Rentrée montréalaise
Blues Delight a cinq ans
Marie-France Pellerin / 7Jours 2009-09-09 14:07:26
© GDutil
Deux albums acclamés par la critique et cinq années à promener son blues un peu partout à travers le Québec : voilà quelques-unes des nombreuses raisons de célébrer pour Blues Delight. Le groupe s’apprête à souligner une demi-décennie bluesy le 10 septembre prochain, lors de sa rentrée montréalaise au Lion d’or.
Les membres ayant tous des emplois stables, le blues est davantage une passion qu’un gagne-pain pour ce quintette, qui carbure aux influences grooves et aux intenses riffs de guitare. «Nous sommes tous dans la cinquantaine. Nous ne faisons pas ça pour la gloire et l’argent», mentionne d’emblée la tête pensante du band, Vincent Beaulne, également professeur adjoint au directeur artistique et professeur de chant au Camp de blues. «C’est vraiment plus pour triper, être créatifs et partager ce projet avec les gens.»
L’incroyable bagage amassé au fil du temps par Vincent Beaulne, Marco Desgagné, Gilles Schetagne, Laurent Trudel et Dave Turner leur confère assurément complicité, solidité et maturité : «Il y a quelque chose de simple là-dedans. On se dit les vraies affaires et tout le monde se comprend. Nous sommes des musiciens d’assez haut niveau mais en même temps, nous sommes des ti-culs dans l’âme!»
Dans un sourire, il admet que l’épopée Blues Delight a débuté après que son mandat de père ait été bien rempli: «Mes enfants sont grands. J’ai maintenant le temps de faire toutes sortes de folies. Et je voulais recommencer à faire du blues plus sérieusement. J’avais fait beaucoup de spectacles solos, et j’avais le goût d’avoir un band. Cinq ans et deux albums plus tard, le succès est au rendez-vous. C’est un beau projet qui est très enrichissant.»

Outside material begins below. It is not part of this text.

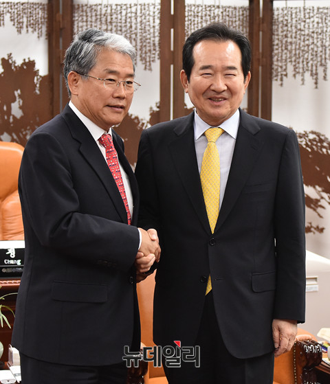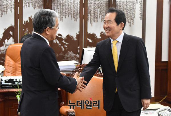 정세균 국회의장과 국민의당 김동철 원내대표가 19일 오후 국회 의장실에서 열린 여야 4당 원내대표 회동에서 인사를 나누고 있다.

Bob Walsh chante Blues Delight
Pour les festivités entourant son cinquième anniversaire, Blues Delight a retenu les services du bluesman québécois Bob Walsh, qui avait participé au premier album du groupe, Rock Island Land, en 2006. «J’ai commencé dans les mêmes années que lui à Québec. C’est un grand ami et un gars que j’admire beaucoup», confie Vincent. Le célèbre chanteur et guitariste y interprétera les pièces de la bande.
Les paroles occupant une place fondamentale au sein de son œuvre, le quintette ne nie toutefois pas l’importance de la musique. Leur deuxième opus met d’ailleurs de l’avant des envolées blues beaucoup plus intenses, teintées d’une ambiance festive qui risque immanquablement de se répercuter sur scène.
«Open All Night s’est développé à partir des grooves de guitare. Le premier album, lui, était très écrit. Nous avons un auteur qui travaille avec nous et nous avons mis un soin particulier sur les textes. Bien des gens croient que ce sont les solos de guitare, mais je pense que le blues, c’est d’abord et avant tout les paroles.»
Or, des récits percutants ne sont rien sans une ambiance sonore dynamique et propice, et Blues Delight affiche plutôt la combinaison gagnante. Tout en revisitant l’ensemble de son répertoire, il profitera ainsi du moment pour mettre le feu à la foule en laissant la part belle aux séances d’improvisation enflammées.
En solo
Le groupe faisant peu à peu sa marque au-delà des frontières québécoises, Vincent se voit quelque peu dans l’obligation de diminuer ses apparitions solos. Il sera néanmoins seul sur scène les 2 et 3 octobre prochains alors qu’il se produira dans le cadre du Festival October blues de Joliette.
S’il est d’avis qu’affronter une salle pleine est moins stressant en groupe, il admet néanmoins que les prestations solos lui semblent beaucoup plus faciles. «Seul, c’est comme si je ne pouvais pas me tromper. C’est sûr que si je suis plate, je suis mort! Quand tu joues en band, tu écoutes tout le monde et tu as constamment la structure de la pièce en tête.» Un cadre plus rigide qui n’empêchera toutefois pas les membres de Blues Delight de s’éclater et d’offrir une prestation endiablée au Lion d’or.
Blues Delight, accompagné de Bob Walsh et de la violoncelliste Sheila Hannigan, sera en spectacle le 10 septembre prochain au Lion d’or.